Probability and random variables

Introduction

Most of the fundamentals tools in signal processing, e.g., the rules of convolution, the Z- and Fourier transforms, digital filter designs, are based on the framework of deterministic signal processing. However, when uncertainty is involved, deterministic approaches are not suitable. Uncertainty is almost always present in the world around us. A very simple example where uncertainty plays an import role is the weather forecast. The weather forecast makes a prediction of the weather in the days ahead. However, this prediction does not guarantee that the predicted event actually takes place. Probability theory provides the mathematical tools to reason when uncertainty is present.

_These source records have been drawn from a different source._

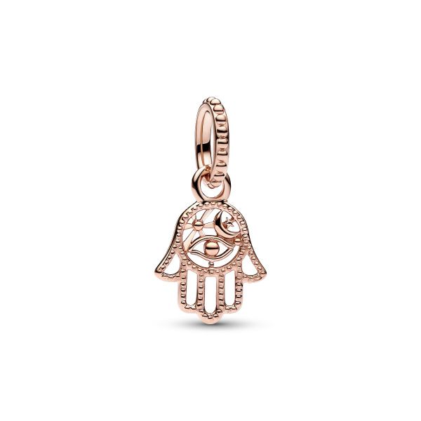 Der Hand der Fatima Charm-Anhänger bringt positive Energie in dein Leben. Dieses Hand der Fatima-Charm hat ein aufwendiges, offen gearbeitetes Design und hängt an einem perlenbesetzten Verbindungsring. Das Innere der Hand zeigt ein Auge, Strahlen und eine Mondsichel, deren Umrisse mit den für Pandora charakteristischen Perlendetails verziert sind. Die Hand der Fatima wird traditionell als Talisman zum Schutz vor dem Bösen getragen, gilt aber auch als Segen spendende Geste, die Freundschaft und Anmut in dein Leben bringt.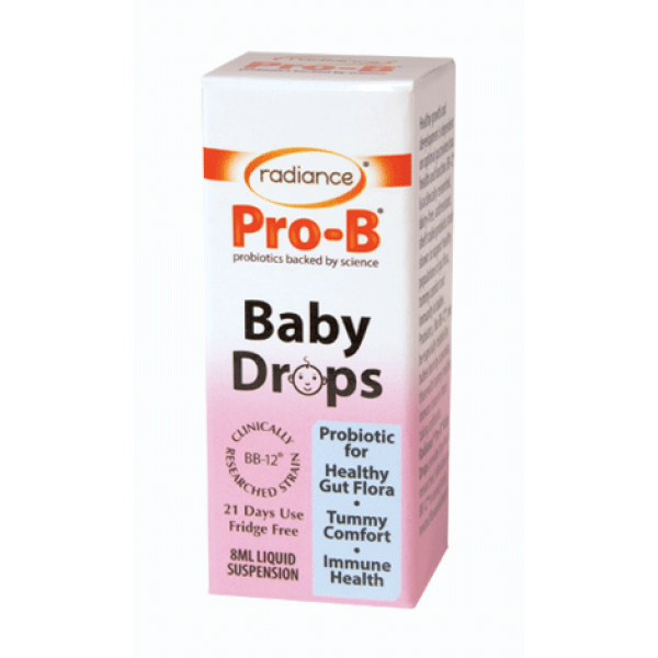 Radiance Pro B Baby Drops 8mlPro B Baby Drops uses a clinically researched probiotic, Bifidobacterium lactis BB-12, a well documented, stable and effective probiotic with proven safety. Pro-B Baby Drops is manufactured in Europe by Chr.Hansen to the highest standards and is safe for..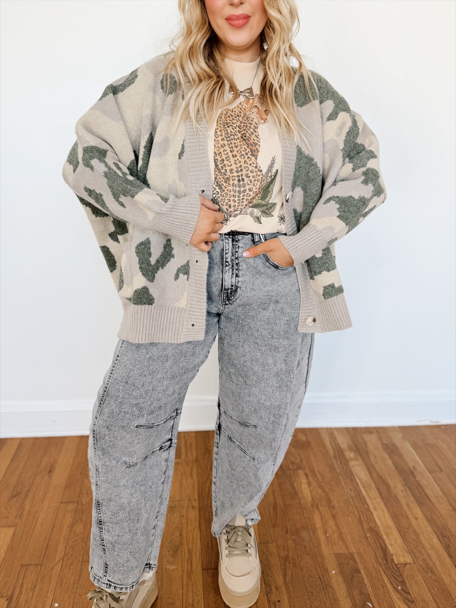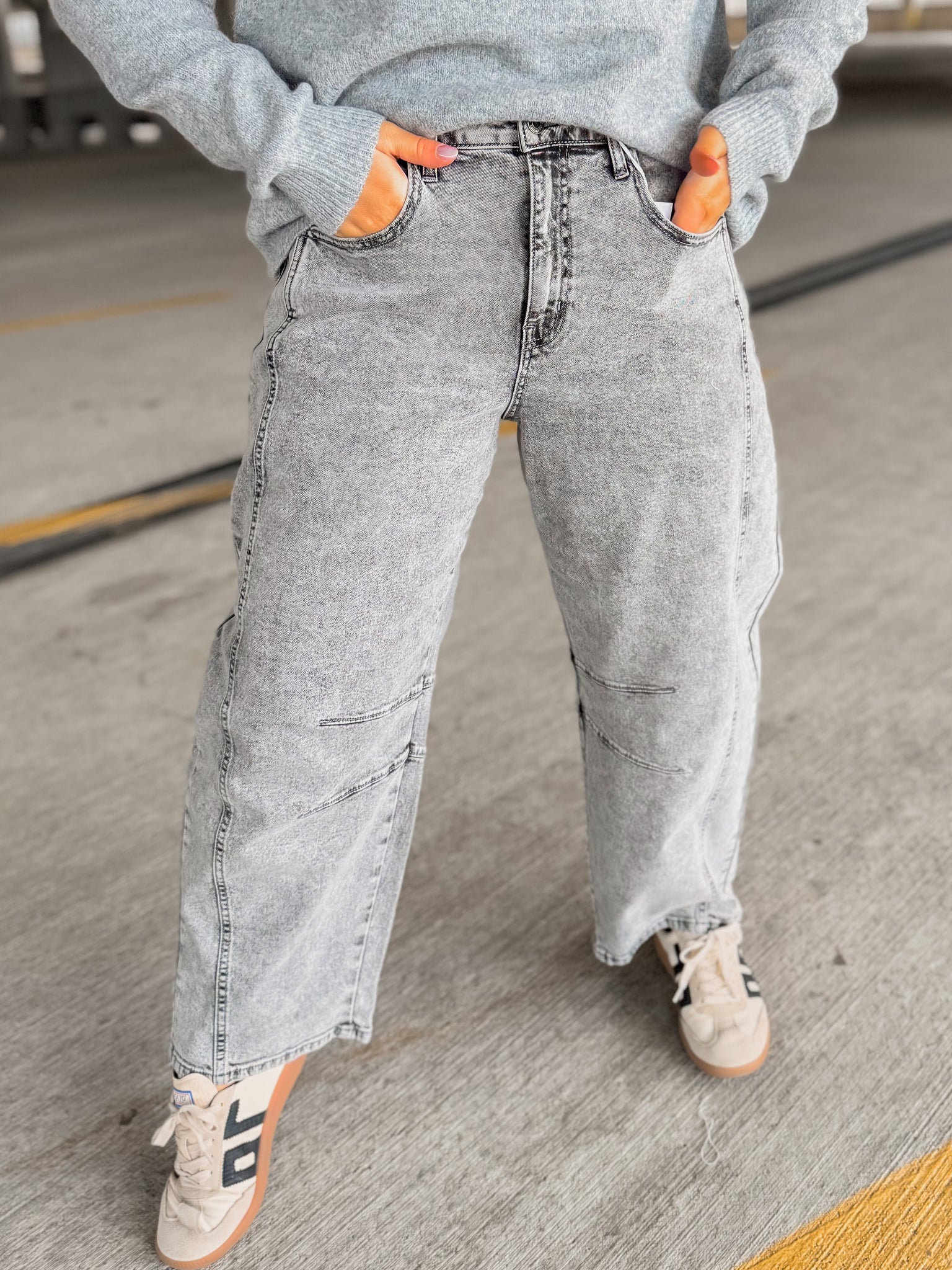 Step up your denim game with these mid-waisted barrel jeans in a striking acid-washed gray. Designed with a wide barrel leg and a non-distressed finish, they give a modern yet timeless silhouette that’s effortlessly chic.

In signal processing we deal with measured signals which are often not ideal. Usually the signals are corrupted by noise and the exact values of this noise at a certain moment in time cannot be determined. A common source of noise is thermal noise, originating from the electronic components in the measurement equipment. Electronic components inevitably generate noise, because of the free electrons in the materials. These electrons have a certain energy, which is related to the temperature of the material. A higher temperature means that the electrons have a higher energy content. This energy is usually in the form of kinetic energy, meaning that the free electrons have a certain velocity associated with them. Only at a temperature of 0 Kelvin the electrons do not have kinetic energy and therefore they do not move. This random electron movement occurring at non-zero temperatures leads to small local voltage differences, which distorts the signal that is being measured and is commonly known as thermal noise.

Probability theory provides us with the tools to handle signals with a random component. This module will discuss the main concepts behind probability theory that we need in order to process these signals.

Module overview

The concepts covered in this module are:

  1. Definitions of probability - In order to describe how uncertainty affects experiments some general definitions are clarified. Furthermore, the basic theory of probability theory is explained.
  2. Random variables - Dealing with uncertainty requires a paradigm shift from deterministic variables to the so-called random variables. In this section, we introduce random variables and explain how to characterize them.
  3. Families of random variables - Some processes can be described by random variables following very specific and well-known functions. These common functions and their characteristics are called families of random variables. This section provides an overview of families of random variables.
  4. Functions and pairs of random variables - Random variables are often not present in their simplest form. Real-world problems usually involve functions of random variables and/or multiple random variables. This section covers how to deal with functions and pairs of random variables.
  5. Random vectors - Usually a random process involves multiple variables. Multiple random variables can be concatenated into a single random vector, which greatly simplifies the notation and allows for more interesting operations.